Estimating S–N curves and their scatter using a differential ant-stigmergy algorithm

We present an alternative approach to the rapid estimation of S–N curves and their scatter. A simultaneous estimation of the S–N curve and its scatter is achieved by applying a two-parametric Weibull distribution to describe the scatter of a number of load cycles to failure at an arbitrary amplitude stress level. The shape of the S–N curve is generally modelled as a linear dependence between the logarithmic value of the number of load cycles to failure and the logarithmic value of the amplitude stress level. This dependence is described by two parameters: a constant term and a scale coefficient of the S–N curve in a log-log scale. Therefore, the same formulation was applied to model the dependence between a scale parameter of the Weibull distribution and the logarithmic value of the amplitude stress level.

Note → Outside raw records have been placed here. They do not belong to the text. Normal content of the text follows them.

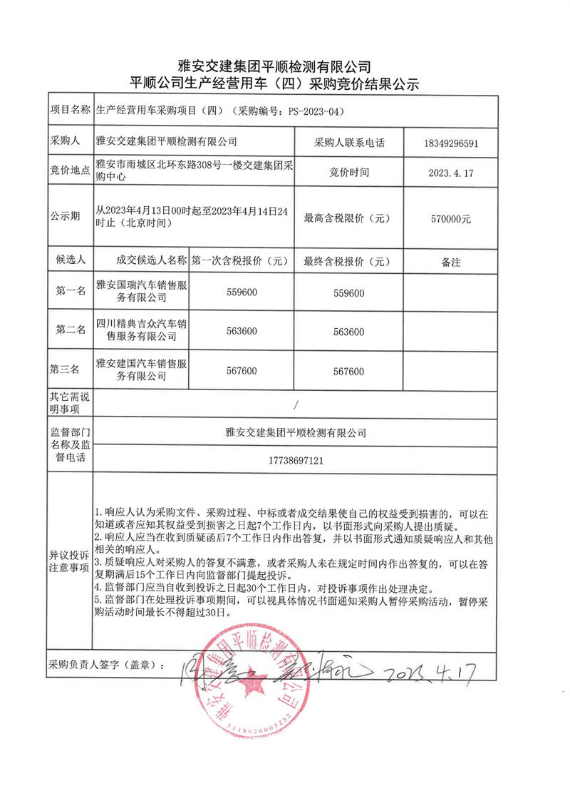 雅安交建集團平順檢測有限公司平順公司生產(chǎn)經(jīng)營用車(四)采購競價結果公示
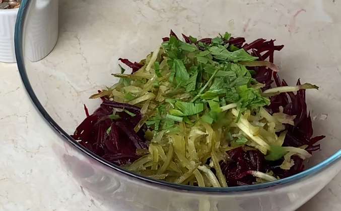 3. Пару веточек петрушки нарезаем мелко. Ну и, конечно, добавим в салат остывший лук и 2 столовых ложки майонеза. Если вы не используете майонез, его можно заменить парой столовых ложек душистого нерафинированного масла. Осталось только этот салат слегка посолить по вкусу и перемешать. Как видите, все готовится очень просто, из простых доступных ингредиентов и быстро. Но салат при этом получается очень вкусный и интересный.Видео рецепт ютуб ниже 👇
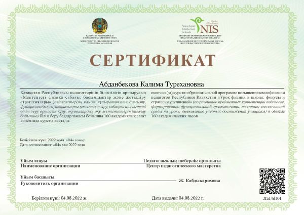 В период летних каникул Центром педагогического мастерства АОО "Назарбаев Интеллектуальные школы" был проведен курс по физике в объеме 160 академических часов. Учитель-участник: Абданбеко…

In this manner the S–N curve and its scatter are described by three parameters: the constant term, the scale coefficient and the shape parameter of the Weibull distribution. The three parameters are estimated with a differential ant-stigmergy algorithm from the experimental data. In the article a mathematical background of the approach is presented and applied to three cases of experimentally obtained durability data. The results are analysed and discussed.

► S–N curves and their scatter were estimated by a two-parametric Weibull distr.
► PDF of load cycles to failure depends on stress amplitude.
► Parameters of PDF were estimated by differential ant-stigmergy algorithm.
► The estimated PDF models well the S–N curves and their scatter.